“A few days ago, I was present at a discussion about the theater […] There was some question, I believe, of determining the future orientation of the theater and, in other terms, its destiny.
No one determined anything, and at no time was there any question of the true destiny of the theater, i.e., of what, by definition and essence, the theater is destined to represent, nor of the means at its disposal for realizing this destiny. On the contrary the theater seemed to me a sort of frozen world, its artists cramped among gestures that will never be good for anything again, brittle intonations which are already falling to pieces, music reduced to a kind of arithmetic whose figures are beginning to fade, some sort of luminous explosions, themselves congealed and responding to vague traces of movement- and around all this an extraordinary fluttering of men in black suits who quarrel over the receipts, at the threshold of a white-hot box office. As if the theatrical mechanism were henceforth reduced to all that surrounds it; and because it is reduced to what surrounds it and because the theater is reduced to everything that is not the theater, its atmosphere stinks in the nostrils of people of taste.”
–
from “The Theater And Its Double,” (Grove Press: 1958), by Antonin Artaud, pg. 45.
-FREE FALL
The TERRITORY BAND-6 work finished on Thursday the 24th of August, the European musicians flew home on Friday, and work on the new FREE FALL recording began on Saturday. We started rehearsing in my basement a few hours after Håvard arrived by plane from Oslo, each of us with new compositions for the trio. Another rehearsal on Sunday, quickly pulling the sounds together: the sessions felt like a cakewalk compared to the Territory Band rehearsals!
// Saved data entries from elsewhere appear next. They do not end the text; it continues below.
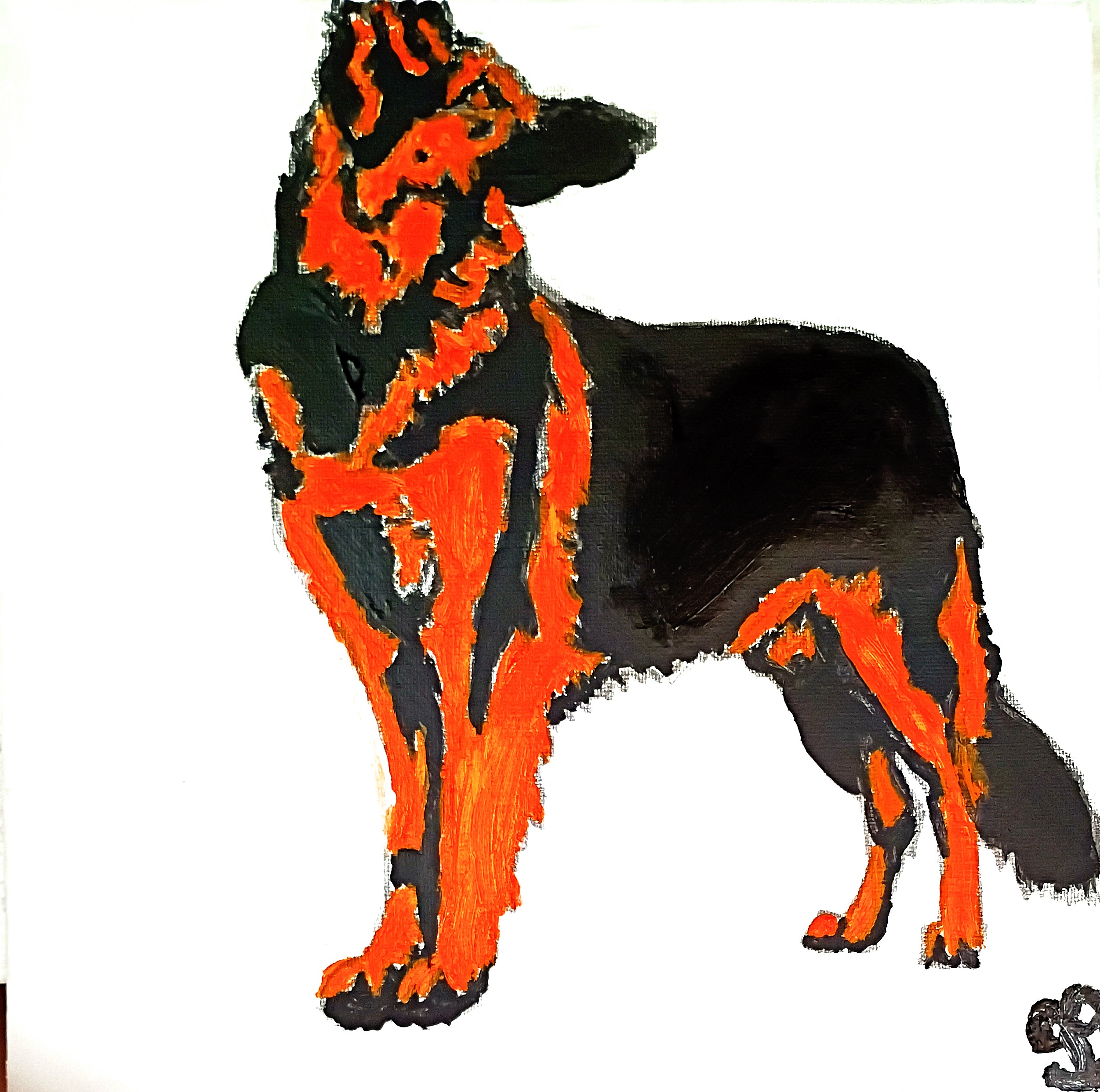 This an original 4 by 4 canvas painting of adorable cute black and dark Terra Cotta German Shepard done from gg
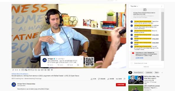 Pokrenut je "lajvstrim" podkasta koji se pušta iznova i iznova, a naslovljen je "Novak Đoković o povlačenju iz tenisa 2023. godine i svađi sa Rafaelom Nadalom, uživo vesti sa US Opena".
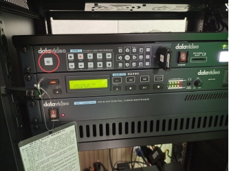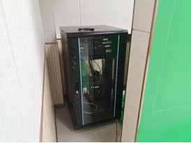 3.在绿幕后机柜,按一下“电源开启键”,可一键打开录制系统及灯光设备。

On Monday the three of us set up for recording at the Claudia Cassidy Theater in the Chicago Cultural Center, with Jason Ward engineering. The new material coalesced surprisingly fast, our tour in May strengthened the group interplay and clearly gave all of us some good ideas about what to write next for the ensemble. Despite the accelerated schedule (two days rehearsal before starting to record- much less preparation time than I’d prefer, but it’s all we had to work with) the first day went exceedingly well. We tackled one composition at a time- reviewing written passages, discussing form and improvisational strategies, hitting record- steadily moving through the set using this methodology. The next day, on the 29th, FREE FALL played and recorded a free concert in Claudia Cassidy at noon. Since the gig was so early I wasn’t sure what the turn out would be but we had a fantastic crowd. The performance proved to be tricky at times, one piece after another with no time for review, and Ingebrigt and Håvard got a bit lost during their car ride to the CCC (you can put Ingo in a car with the directions but that doesn’t seem to necessarily mean that he’ll understand the difference between left and right…) so things were pretty rushed before the gig started. Despite these issues we got to some good music during the concert, and when it was finished the trio re-recorded the pieces we weren’t completely happy with. This meant by the end of Tuesday we had at least two strong versions of every composition. In addition to this we recorded three pairs of duo improvisations. Håvard suggested the idea as a way to segue between the written pieces and as a tie to the way the group works in performance, integrating open improvisations with improvisation based on composed material. A fine stretch of work for the band, though I was struck by the fact that it was only our second chance to play in the United States even though FREE FALL has been together for years.